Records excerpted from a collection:
========================================

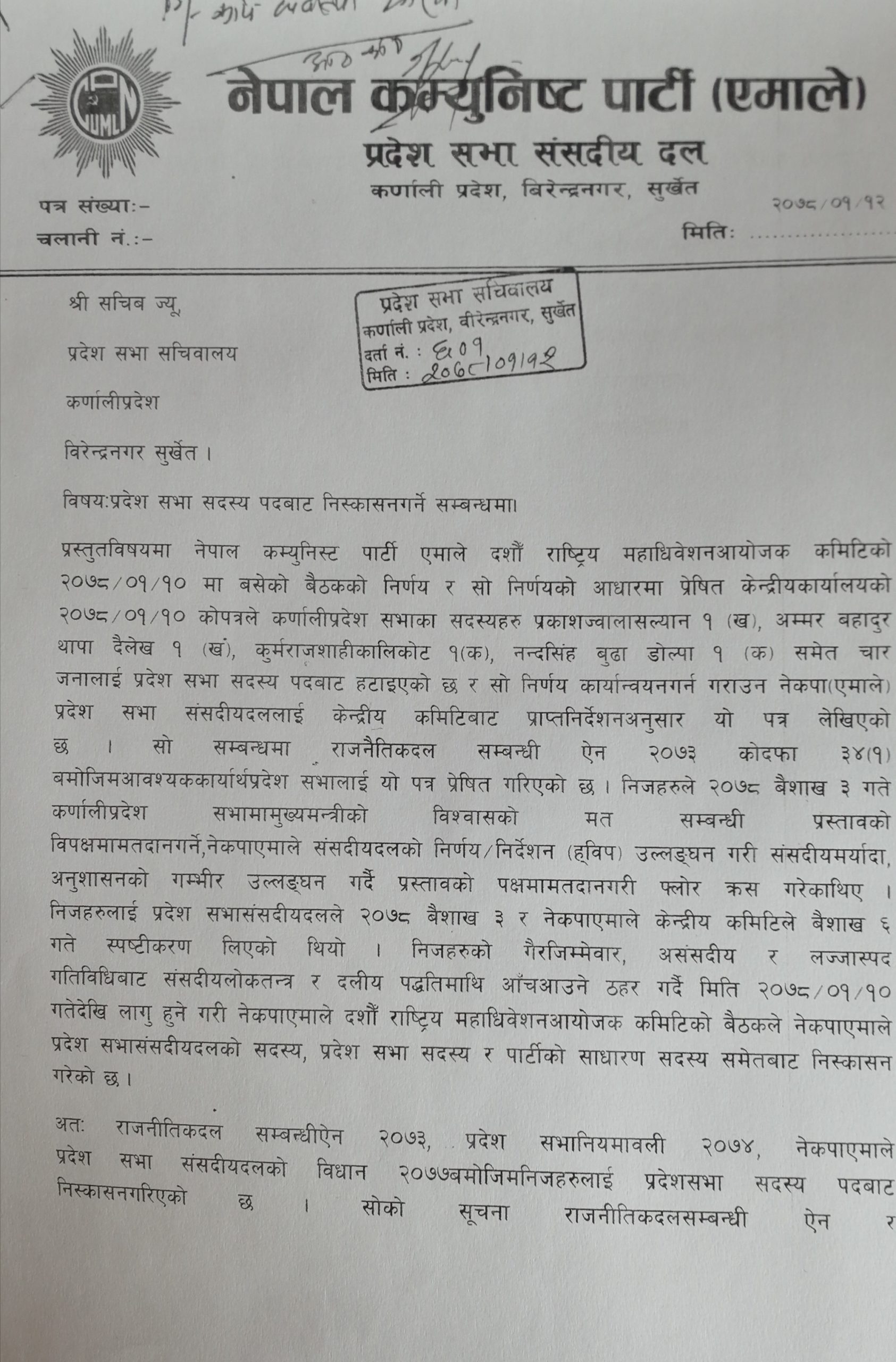 KATHMANDU: The provincial parliamentary party (PP) CPN-UML has registered a letter, seeking the dismissal of four ‘floor-crossing’ provincial lawmakers of the party from the Karnali Province Assembly (PA), with the PA Secretariat in Birendranagar, Surkhet, Sunday.
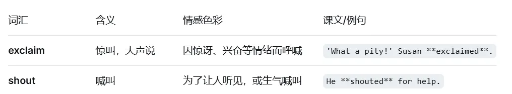 区分 exclaim(惊叫)和 shout(喊叫)。
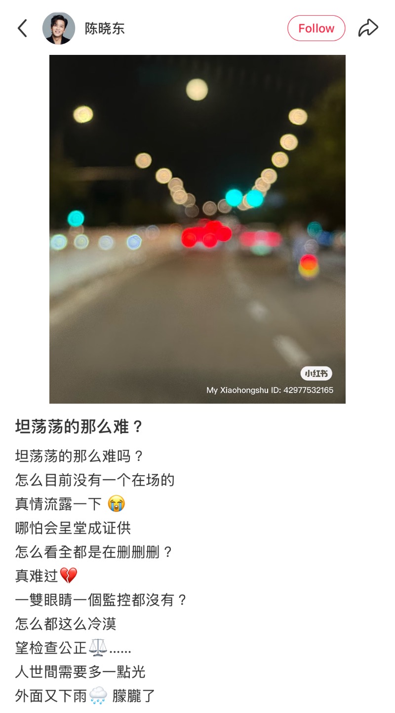 陳曉東直言「坦蕩蕩的那麼難嗎?」,批評現場人員無人出面說明真相,反而集體刪除記錄(「怎麼看全都是在刪刪刪?」),呼籲知情者即使需作證也應坦誠。
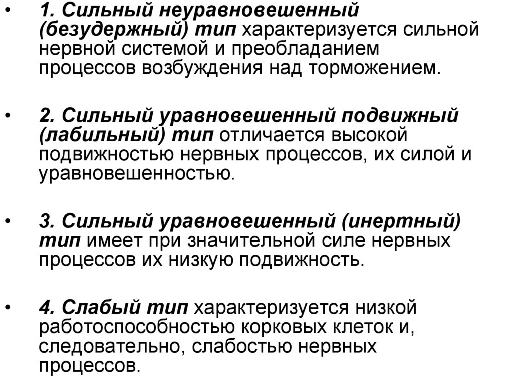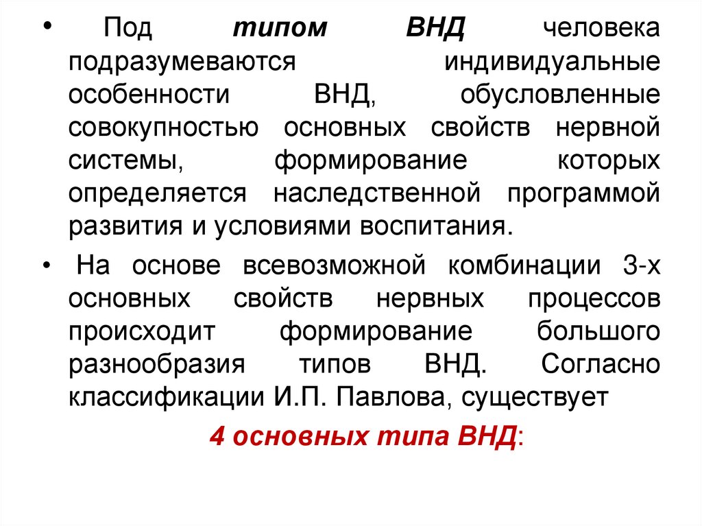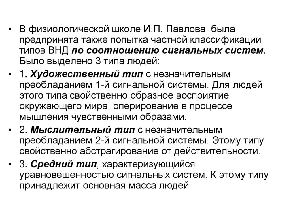 • В физиологической школе И.П. Павлова былапредпринята также попытка частной классификации
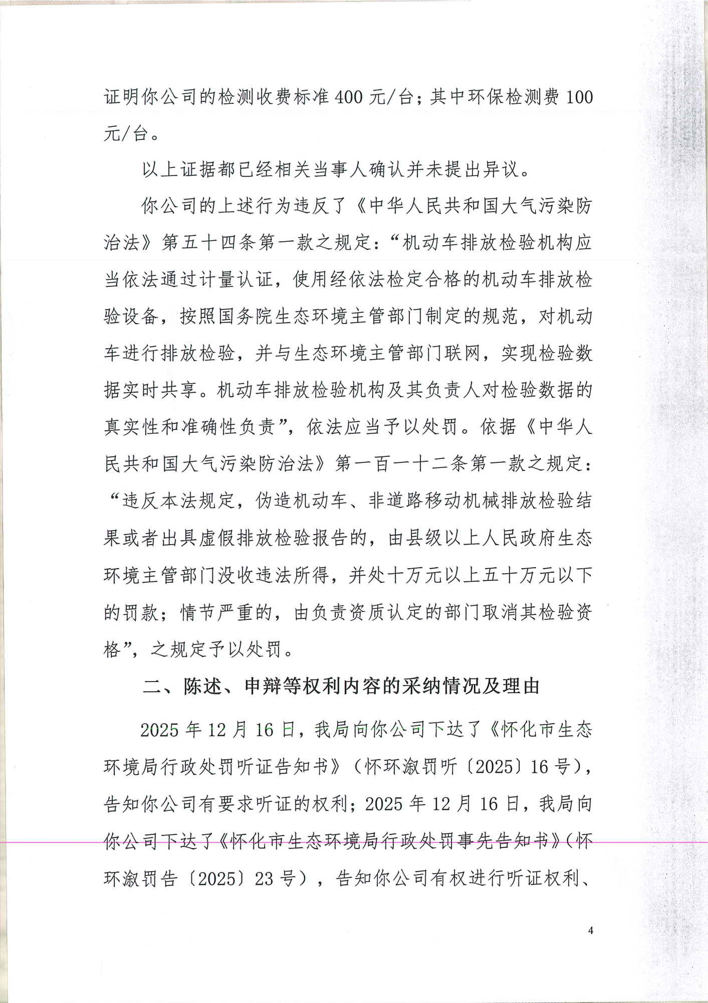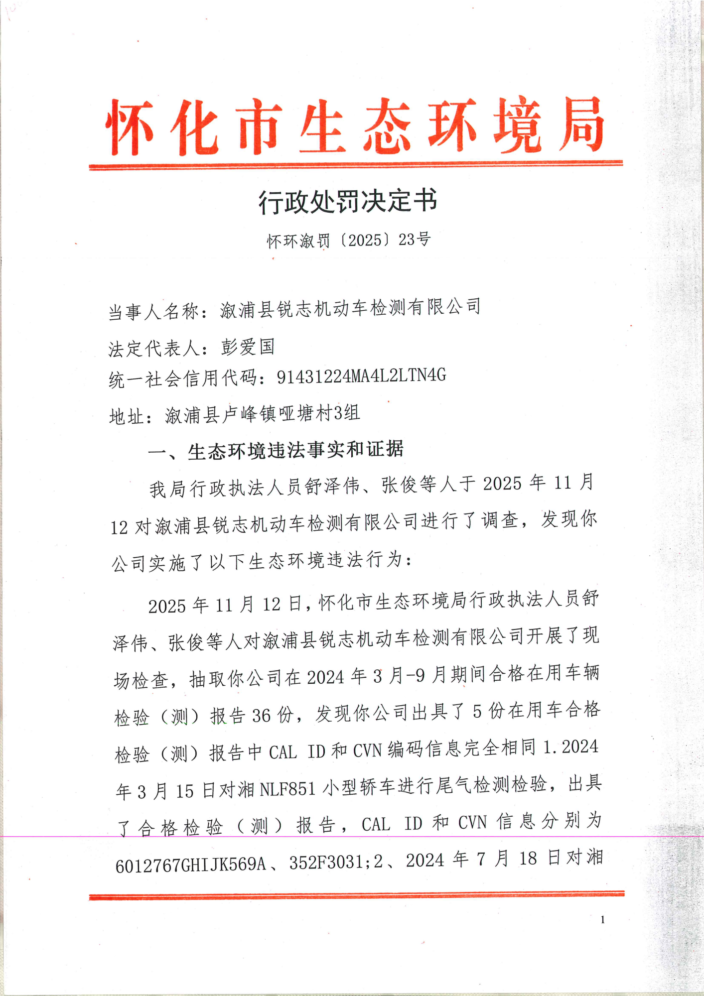 溆浦县锐志机动车检测有限公司:违反《中华人民共和国大气污染防治法》行政处罚决定书

========================================

* EXERCISE OBJECTIVE
The lines to copy begin at the one containing "陳曉東直言「坦蕩蕩的那麼難嗎" and end at the last line of the records. Set down exactly those lines and no others, both ends included, and omit all pictures.

* OUTPUT OF THE TASK
 陳曉東直言「坦蕩蕩的那麼難嗎?」,批評現場人員無人出面說明真相,反而集體刪除記錄(「怎麼看全都是在刪刪刪?」),呼籲知情者即使需作證也應坦誠。
 • В физиологической школе И.П. Павлова былапредпринята также попытка частной классификации
 溆浦县锐志机动车检测有限公司:违反《中华人民共和国大气污染防治法》行政处罚决定书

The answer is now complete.